== WORK TO BE COMPLETED ==
When you write out the listing, keep every word as it stands and drop the pictures.

··· DATA FOR THIS TASK

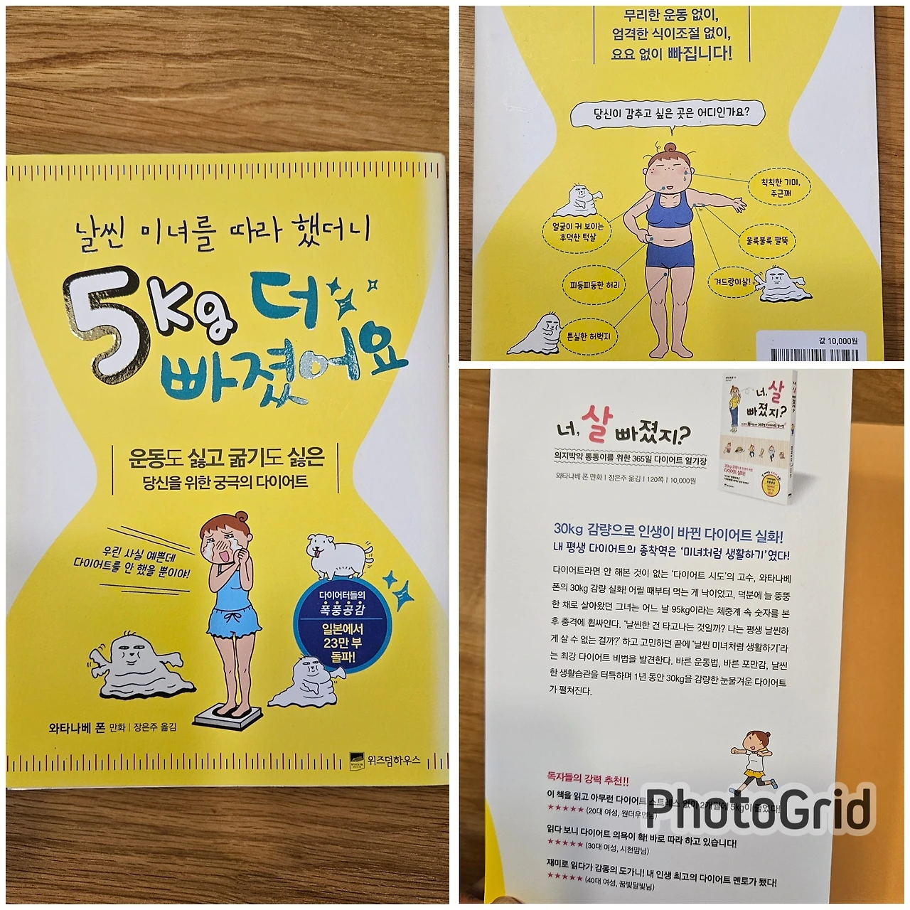 자주 도움을 받고, 가끔은 이론에만 빠삭해지지만 다이어트도 도서관부터 가본다. 성공을 비는 마음으로 도서관에서 다이어트 책을 검색하고 그중 몇 권을 대여해 왔다. 그렇게 만난 책중 한 권이 "날씬 미녀를 따라 했더니 5kg 더 빠졌어요."였다. 얇은 만화책이었고 30kg를 감량한 전편이 있었는데 집 앞 도서관엔 없었다. 뭔가 세트로 봐야 할 듯한 마음에 다른 도서관에서 "너 살 빠졌지?"를 상호대차를 신청해 세트를 섭렵했다.
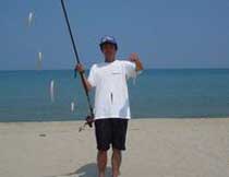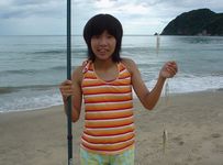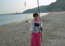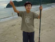 | 9日、先週に引き続いて鳥取へ海水浴を兼ねたキス釣りに家族で出掛けた。「近くにトイレがある所」と言う女性陣の要望で、青谷海水浴場で開始。仕掛けは幹糸が「ザイト.フロロ」の1.5号。ハリスも「ザイト.フロロ」の0.8号。ハリは「赤ジャストキス」6号を使用。 |
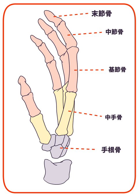 手首の付け根の手根骨(しゅこんこつ)から扇状に指の骨が広がってるよ〜。
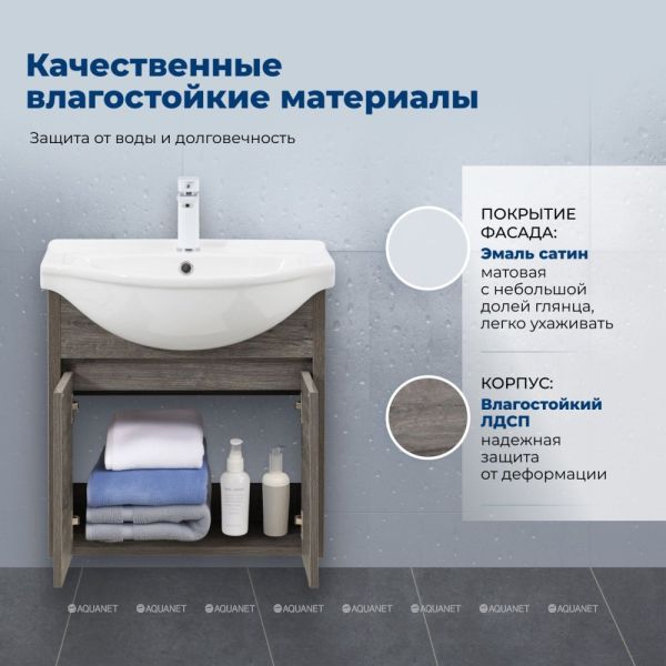 Тумба Aquanet Сидней 60 идеально подойдет для небольших ванных комнат. Ее компактные размеры не мешают размещению просторной керамической раковины с глубокой чашей. Двухцветное оформление "дуб рошелье/белый" делает модель универсальной для разных стилей интерьера.
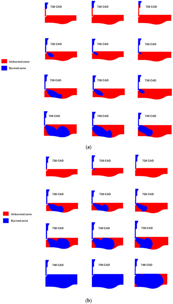 In all the investigated points, the flame initially develops by consuming the whole air–fuel mixture contained within the pre-chamber. The angular duration required to burn 90% of the fuel mass present in the pre-chamber decreases with the enrichment of the mixture, while it is little affected by the nozzle size (Table 6). On average, its value varies from 10° when ϕ = 0.7 to 7° when ϕ = 0.9.
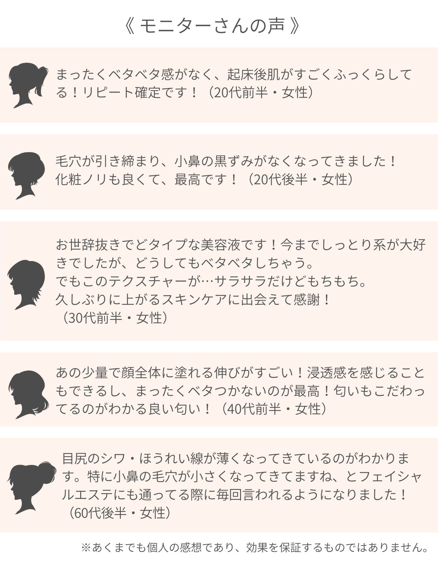 ご使用方法:美容液を1プッシュ手のひらに取り出します。洗顔後、お顔全体をやさしく包み込むように馴染ませていきます。特に気になる部分には、重ねづけをおすすめします。その後はいつものお手入れをしてください。
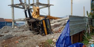 Crane Proyek Tower di Depok Jatuh, Rumah Warga dan Warung Tertimpa

······

== REPLY TO THE EXERCISE ==
 자주 도움을 받고, 가끔은 이론에만 빠삭해지지만 다이어트도 도서관부터 가본다. 성공을 비는 마음으로 도서관에서 다이어트 책을 검색하고 그중 몇 권을 대여해 왔다. 그렇게 만난 책중 한 권이 "날씬 미녀를 따라 했더니 5kg 더 빠졌어요."였다. 얇은 만화책이었고 30kg를 감량한 전편이 있었는데 집 앞 도서관엔 없었다. 뭔가 세트로 봐야 할 듯한 마음에 다른 도서관에서 "너 살 빠졌지?"를 상호대차를 신청해 세트를 섭렵했다.
 | 9日、先週に引き続いて鳥取へ海水浴を兼ねたキス釣りに家族で出掛けた。「近くにトイレがある所」と言う女性陣の要望で、青谷海水浴場で開始。仕掛けは幹糸が「ザイト.フロロ」の1.5号。ハリスも「ザイト.フロロ」の0.8号。ハリは「赤ジャストキス」6号を使用。 |
 手首の付け根の手根骨(しゅこんこつ)から扇状に指の骨が広がってるよ〜。
 Тумба Aquanet Сидней 60 идеально подойдет для небольших ванных комнат. Ее компактные размеры не мешают размещению просторной керамической раковины с глубокой чашей. Двухцветное оформление "дуб рошелье/белый" делает модель универсальной для разных стилей интерьера.
 In all the investigated points, the flame initially develops by consuming the whole air–fuel mixture contained within the pre-chamber. The angular duration required to burn 90% of the fuel mass present in the pre-chamber decreases with the enrichment of the mixture, while it is little affected by the nozzle size (Table 6). On average, its value varies from 10° when ϕ = 0.7 to 7° when ϕ = 0.9.
 ご使用方法:美容液を1プッシュ手のひらに取り出します。洗顔後、お顔全体をやさしく包み込むように馴染ませていきます。特に気になる部分には、重ねづけをおすすめします。その後はいつものお手入れをしてください。
 Crane Proyek Tower di Depok Jatuh, Rumah Warga dan Warung Tertimpa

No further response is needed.